CREATE ASSERTION INCUMBENTS_Sequenced_Referential_Integrity CHECK (NOT EXISTS ( SELECT * FROM INCUMBENTS AS I -- there was a row valid in INCUMBENTS.PCN when I started WHERE NOT EXISTS ( SELECT * FROM POSITIONS AS P WHERE I.PCN = P.PCN AND P.START_DATE <= I.START_DATE AND I.START_DATE < P.END_DATE) -- there was a row valid in INCUMBENTS.PCN when I ended OR NOT EXISTS ( SELECT * FROM POSITIONS AS P WHERE I.PCN = P.PCN AND P.START_DATE < I.END_DATE AND I.END_DATE <= P.END_DATE) -- there are no holes in INCUMBENTS.PCN during I's period of validity OR EXISTS ( SELECT * FROM POSITIONS AS P WHERE I.PCN = P.PCN AND I.START_DATE < P.END_DATE AND P.END_DATE < I.END_DATE AND NOT EXISTS ( SELECT * FROM POSITIONS AS P2 WHERE P2.PCN = P.PCN AND P2.START_DATE <= P.END_DATE AND P.END_DATE < P2.END_DATE))) )
Listing 2. A sequenced referential integrity constraint.
If we are assured that the histories in the referenced table are contiguous-that there are no holes in these histories-then sequenced referential integrity is easier to express, as are two assertions.

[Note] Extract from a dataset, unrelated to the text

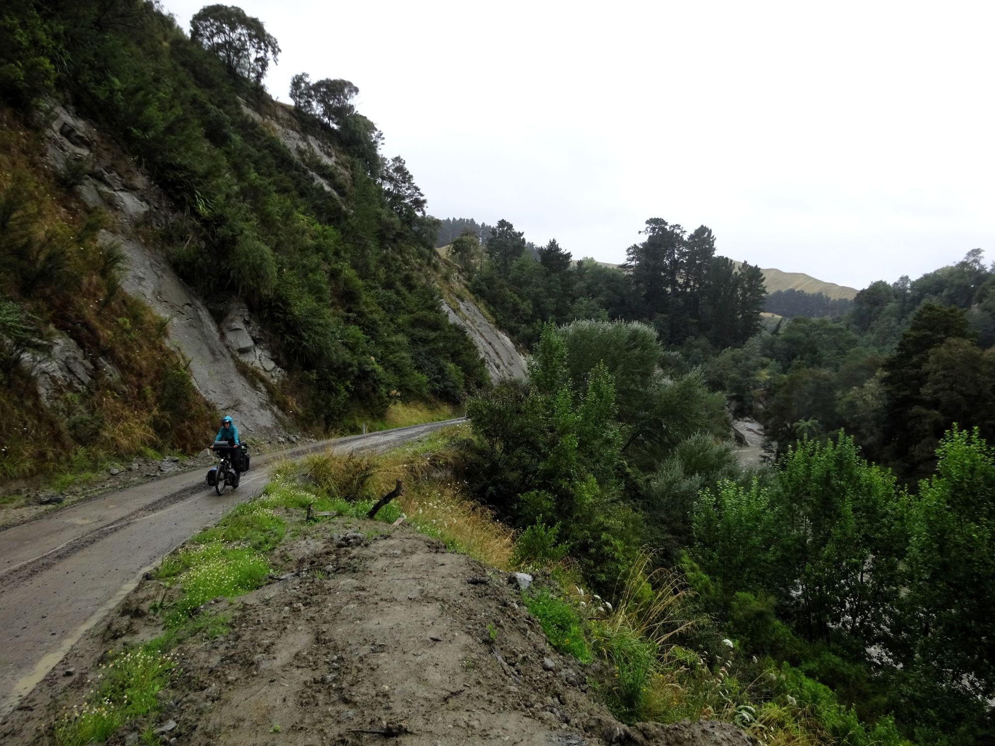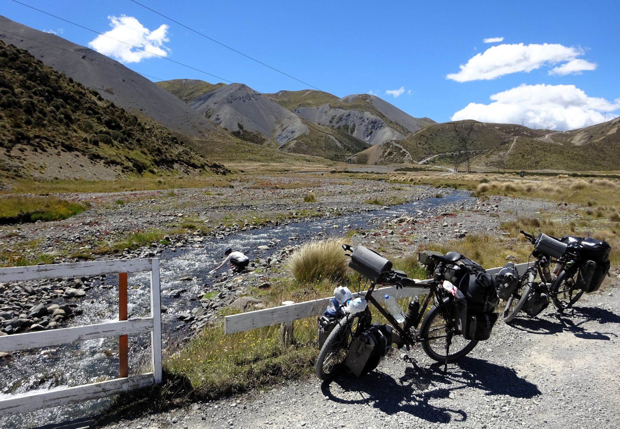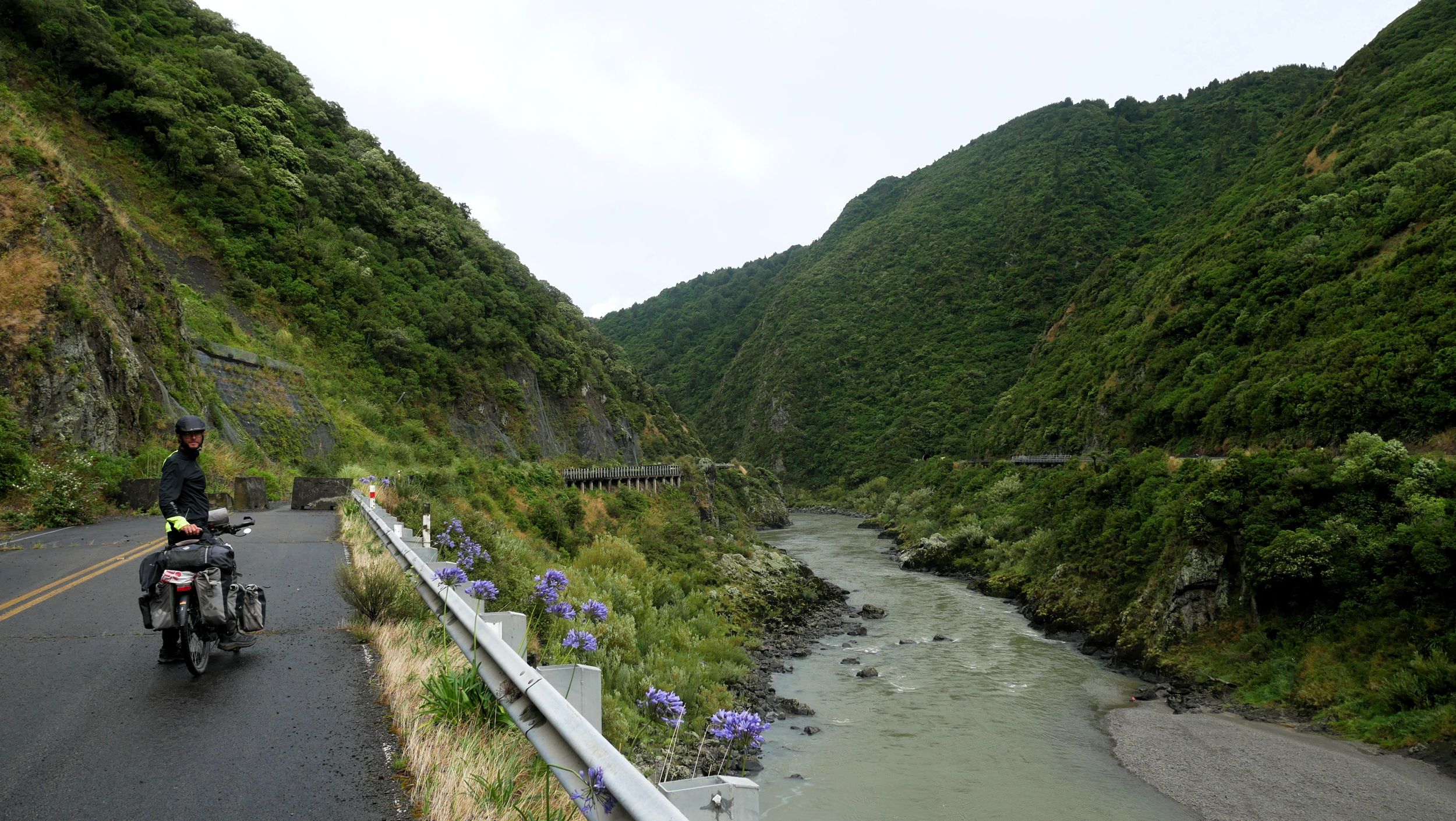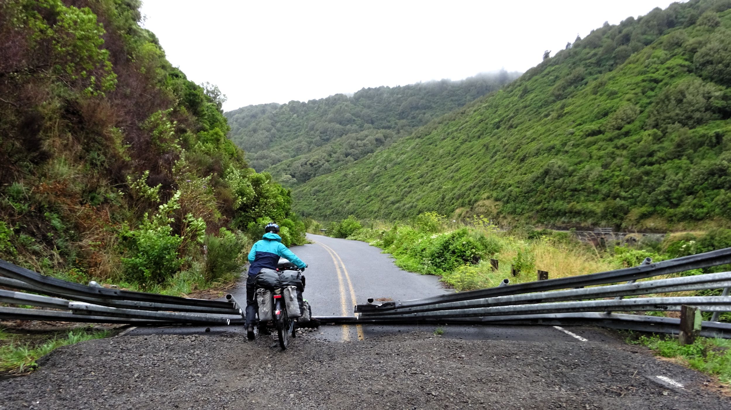 Wir haben noch eine gute Woche Zeit, bevor unsere Fähre auf die Nordinsel geht – und die nutzen wir für einen ausgedehnten Schlenker über die Rainbow Road und Molesworth Route. Es ist ein spektakulärer Umweg in leerem unbewohntem Gebirgsland, durch karge weite Täler, entlang reißender türkiser Flüsse, über kurze aber sehr steile Pässe (darunter auch der höchste Pass Neuseelands) und das alles bei heftigen Sturmböen aus allen Richtungen. Dabei erinnert uns nicht nur die Landschaft, sondern auch die Qualität der Schotterstraßen an unsere Abenteuer in Zentralasien. Im Süden der Nordinsel erreichen wir an einer unscheinbaren Straßenkreuzung den Punkt unserer Tour, der am weitesten von unserem Tourstart am Karlsruher Schloss entfernt ist – ab jetzt geht’s also im Prinzip wieder Richtung Heimat! Ansonsten beschäftigt uns auf der Nordinsel bisher vor allem ein Thema: Regen. In den 10 Tagen seit der Fährüberfahrt haben wir die Sonne kaum gesehen, das Zelt nass einzupacken wird zum Standard. Doch zu unserem Glück werden wir von der neuseeländischen Gastfreundschaft nicht im Stich gelassen.

Requiring a contiguous history (see Listing 3) is a nonsequenced constraint. Unlike a sequenced constraint, which must be true independently at each point in time, a nonsequenced constraint requires examining the table at multiple points in time. The absence of a PCN on a particular day constitutes a hole in the history only if there is a PCN for this SSN present both before and after this date.
CREATE ASSERTION POSITIONS_Contiguous_History CHECK (NOT EXISTS ( SELECT * FROM POSITIONS AS P, POSITIONS AS P2 WHERE P.END_DATE < P2.START_DATE AND P.PCN = P2.PCN AND NOT EXISTS ( SELECT * FROM POSITIONS AS P3 WHERE P3.PCN = P.PCN AND (((P3.START_DATE <= P.END_DATE) AND (P.END_DATE < P3.END_DATE)) OR ((P3.START_DATE < P2.START_DATE) AND (P2.START_DATE <= P3.END_DATE))))) )

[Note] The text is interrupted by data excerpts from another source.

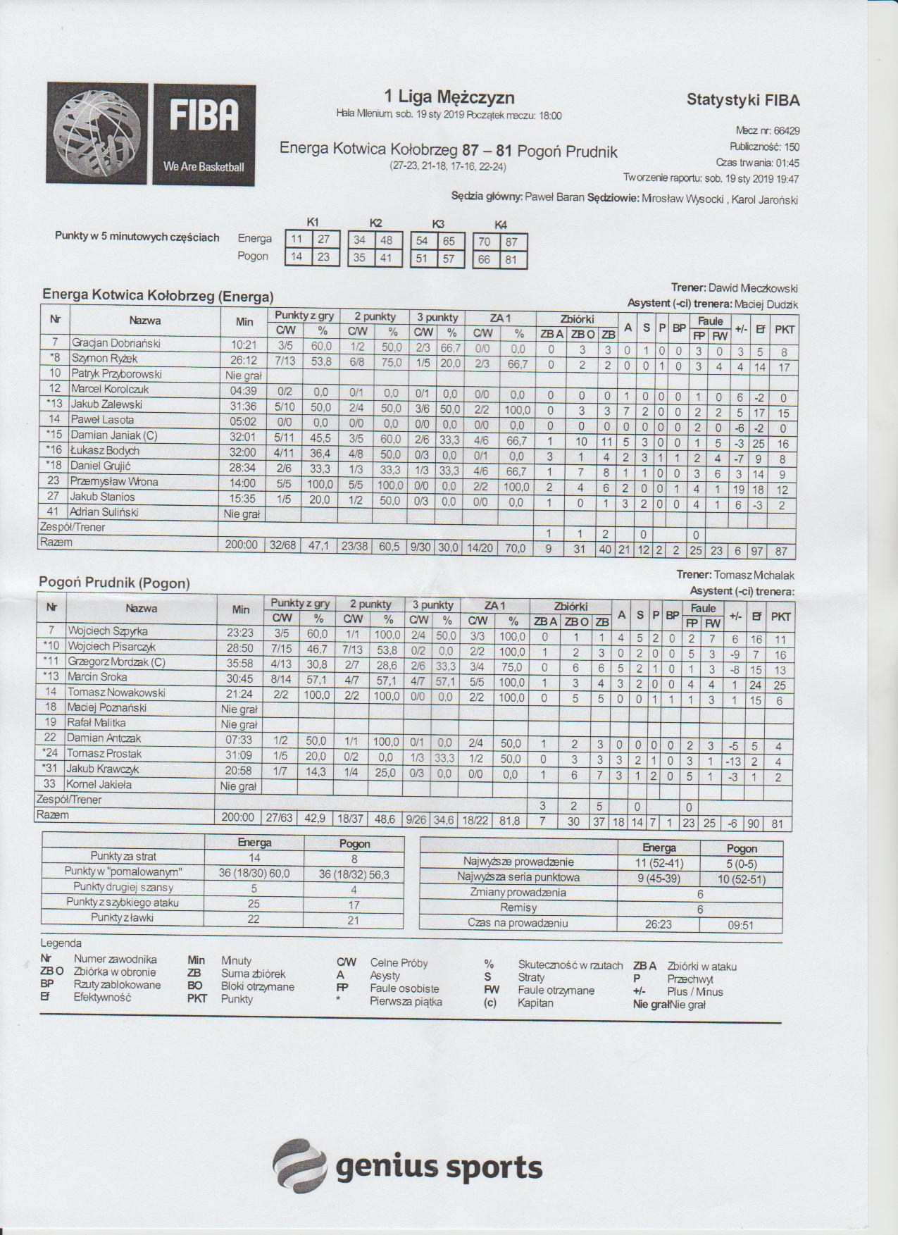 | Damian Janiak (4.2) | celny rzut z gry | Tomasz Prostak (5.8) |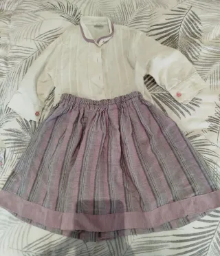 Conjunto de casera para niña, compuesto por camisa, falda, pañuelo y delantal. - Blusa blanca con detalles de puntadas verticales y cuello mao. - Falda a rayas en tonos lila y gris con cinturilla elástica. - Mangas largas con puños abotonados. - Botones frontales en la blusa. Talla de 0 a 2 años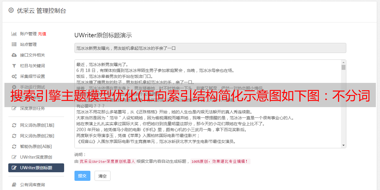 优采云 发布时间: 2021-12-23 21:24搜索引擎主题模型优化(正向索引结构简化*敏*感*词*如下图:不分词没有什么区别)
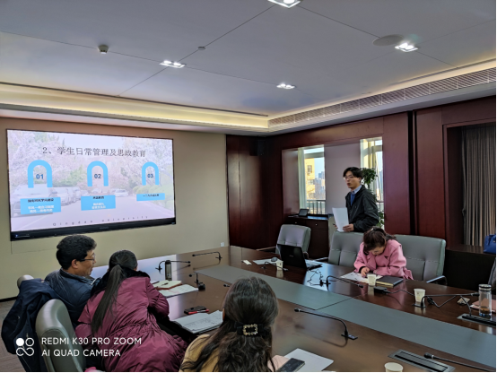 本次考核有7位内设机构负责人、6位教工党支部书记和4位辅导员分别从履职情况、工作创新与特色、突出问题与原因、2021计划与措施四个方面进行了工作汇报。万宗喜书记和隋坤艳院长分别进行了提问和点评。隋坤艳院长要求大家要有时间观念,提高主动性、发挥能动性,找准工作的点位,尽职履责。万宗喜书记在总结中认为大家态度重视、准备认真,汇报工作详实,有问题、有思考、有措施,达到了会议的效果,同时指出还存在诸如工作碎片化、思路不清、特色不鲜明、支部工作不规范等方面的不足,要求大家以提出的问题为努力方向,认真思考,谋划未来,为学院“十四五”开局之年努力工作。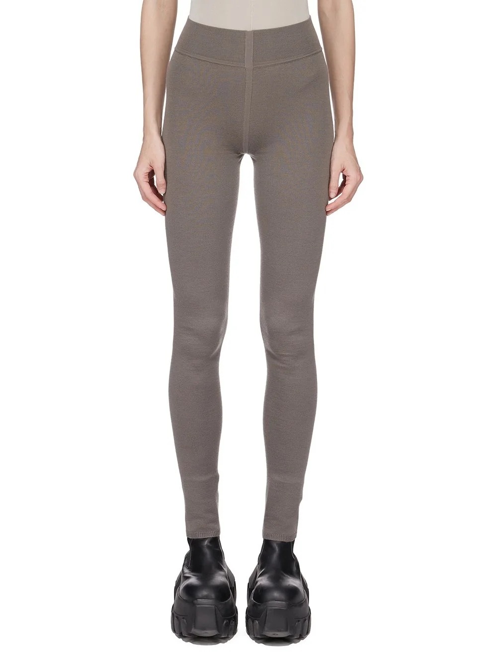 RICK OWENS FW25 CONCORDIANS LEGGINGS IN DUST LIGHTWEIGHT RASATO KNIT THESE LEGGINGS ARE ABOVE ANKLE LENGTH AND ARE A SKIN TIGHT FIT. THEY ARE A SEAMLESS KNIT WHICH FEATURES A RIBBED WAISTBAND CUFFS AND KNIT GEOMETRIC LINE DETAILS ON THE THIGHS, HIPS AND KNEES THIS LIGHTWEIGHT AND CLASSIC STITCH WOOL KNIT HAS A SOFT HANDFEEL COLOR: DUST MATERIAL: 100% NEW WOOL MODEL IS 181CM TALL MODEL WEARS SIZE S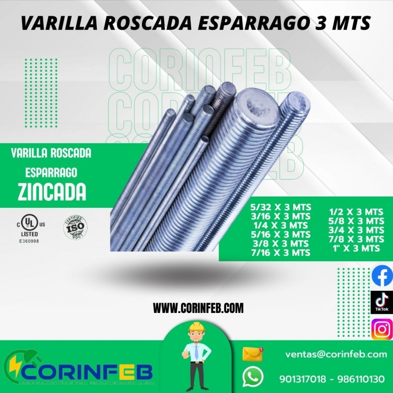 VARILLA ROSCADA ESPARRAGO DE 3 MTS DE 5/32 - 3/16 - 1/4 - 5/16 - 3/8 - 7/16 - 1/2 - 5/8 - 3/4 - 7/8 - 1"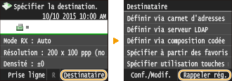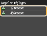 Vous pouvez sélectionner un destinataire parmi les trois derniers destinataires. Lorsque vous désignez un destinataire que vous avez déjà utilisé, l'appareil réutilise les mêmes réglages de télécopie que ceux qu'il a utilisés lors de l'envoi des documents au destinataire en question.

Listing 3. Ensuring there are no holes in the history.
Given that there are no holes, we can check for containment of the referencing period of validity by the contiguous history in the referenced table by simply checking the delimiting instants of the referencing period of validity (see Listing 4).
CREATE ASSERTION INCUMBENTS_Sequenced_Referential_Integrity CHECK (NOT EXISTS ( SELECT * FROM INCUMBENTS AS I WHERE NOT EXISTS ( SELECT * FROM POSITIONS AS P WHERE I.PCN = P.PCN AND P.START_DATE <= I.START_DATE AND I.START_DATE < P.END_DATE) OR NOT EXISTS ( SELECT * FROM POSITIONS AS P WHERE I.PCN = P.PCN AND P.START_DATE < I.END_DATE AND I.END_DATE <= P.END_DATE))) )
Listing 4. Sequenced referential integrity assuming a contiguous history.
Only the referenced table is temporal. The final case to consider (see Listing 5) is when the referencing table (here, INCUMBENTS) is a nontemporal table and the referenced table (here, POSITIONS) is a temporal table. The current constraint is easy to express. The nonsequenced constraint is, again, expressed as the first code fragment we discussed.
For the sequenced constraint, we need to be more precise on what "at each point in time" means for a nontemporal table. There are at least two reasonable interpretations. One is that the nontemporal table records current data, in which case a sequenced constraint is equivalent to a current constraint. A different interpretation is that the nontemporal table contains time-invariant data. In that case, the original constraint (in the first code fragment) works fine.
For the INCUMBENTS table, the most appropriate interpretation is that this table records current data, in which case the code in Listing 1 suffices.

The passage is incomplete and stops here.